The shooting-down of Malaysia Airlines Flight MH17 on July 17, 2014, was a provocation planned to draw direct NATO military intervention on the ground; recovery of the MH17 victims’ bodies and aircraft black boxes was the cover story and camouflage.  But the scheme – devised by the US and Ukrainian secret services, adopted by Poroshenko, promoted by the Dutch, and manned by the Australians – failed; read the book explaining how.

The present situation in the Donbass is understood by the Russian General Staff, the Foreign Ministry, the intelligence agencies, and the Kremlin to be at this point of ignition. They also understand what has changed since mid-2014. The political capacity of the Germans to resist US folly has been eroded by the Navalny Novichok operation since last August,  and by party battles to replace Angela Merkel and her government at the September 26 election; so Germany is much weaker than it was seven years ago. The Dutch, having just re-elected Mark Rutte and continuing the MH17 show trial, are exactly where they were then. Everyone else in Europe, including the British, are more uncertain and unconfident than they were. Joseph Biden was Kiev’s principal ally in Washington then; now he’s mentally less capable of calculation or control.
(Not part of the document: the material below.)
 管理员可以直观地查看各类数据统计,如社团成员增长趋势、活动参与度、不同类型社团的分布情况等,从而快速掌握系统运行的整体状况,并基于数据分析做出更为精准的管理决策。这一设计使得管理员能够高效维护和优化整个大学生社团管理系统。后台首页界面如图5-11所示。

An unusually detailed presentation of the Russian positions, as well as the Russian interpretation of the positions of the other sides in the conflict, was published this week in Kommersant. Reporter Vladimir Soloviev has transcribed what his source, the chief Russian negotiator Dmitry Kozak (lead image, right), deputy chief of the presidential administration, has provided verbally and in documents.

The current map of the war zone (lead image, left) can be expanded for view here.  A semi-official Russian military situation report can be read here.  
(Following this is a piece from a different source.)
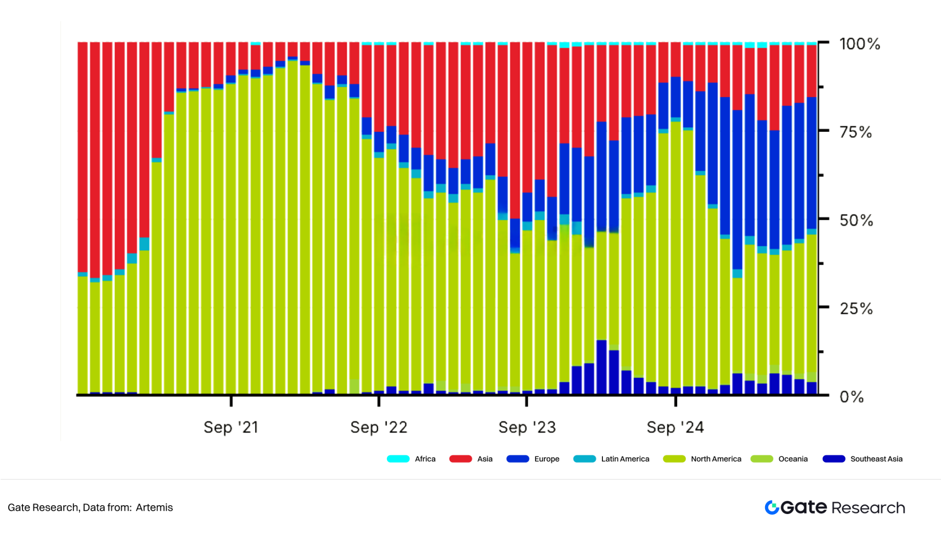 ● 欧洲:受益于 MiCA 法案带来的监管清晰度,欧洲市场份额迅速攀升,目前已达到 37.4%,几乎与北美平分秋色,成为机构合规采用的另一大核心。

This is the Russian text of Kozak’s briefing.  Here is my translation, unabridged and unedited.

Negotiations on Donbass turn into a decree on peace

Kommersant has studied the peace initiatives and discovered why no single plan has been produced.
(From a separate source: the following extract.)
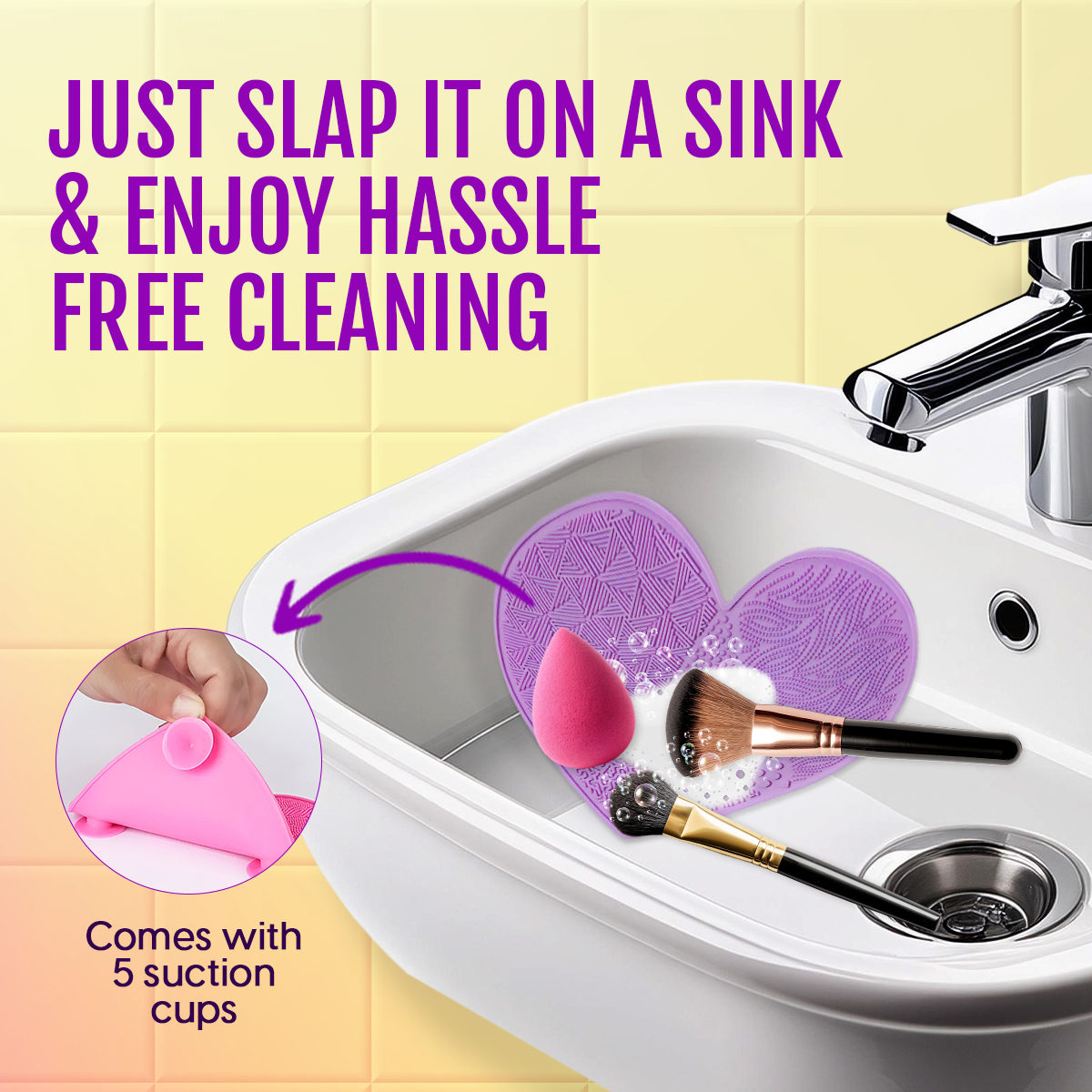 - SUCTION CUP: Equipped with 5 strong suction cups underneath, this silicone makeup brush cleaner pad can be securely attached to wash basins or sinks, allowing quick and convenient cleaning.

Dmitry Kozak, who oversees the negotiations on the Donbass, is obliged to closely monitor the hands of his colleagues in the ‘Normandy Format’ in order that the peace plan does not include anything superfluous.

The settlement of the conflict in the Donbass has reached an impasse, and at the same time has become overgrown with multi-page peace initiatives of both the warring parties and the mediators who are helping them to reach agreement. At the disposal of Kommersant were the so-called clusters for the implementation of the Minsk Agreements, which have been discussed in the Normandy Format since the end of last year. From them, it becomes clear why it is not possible to draw up a unified peace plan. For the original Minsk Agreements, click to read.

Showing the players’ cards

Moscow, Kiev and the unrecognized republics of Donbass recognise that the settlement of the conflict is at an impasse. We can say this is the only point on which everyone’s positions fully coincide. Everyone explains the reasons for the freeze in their own way. Russia and the DPR/LPR [Donetsk People’s Republic/Luhansk People’s Republic] accuse the Ukrainian authorities of unwillingness to implement the Minsk Agreements. Kiev blames Moscow for exactly the same thing.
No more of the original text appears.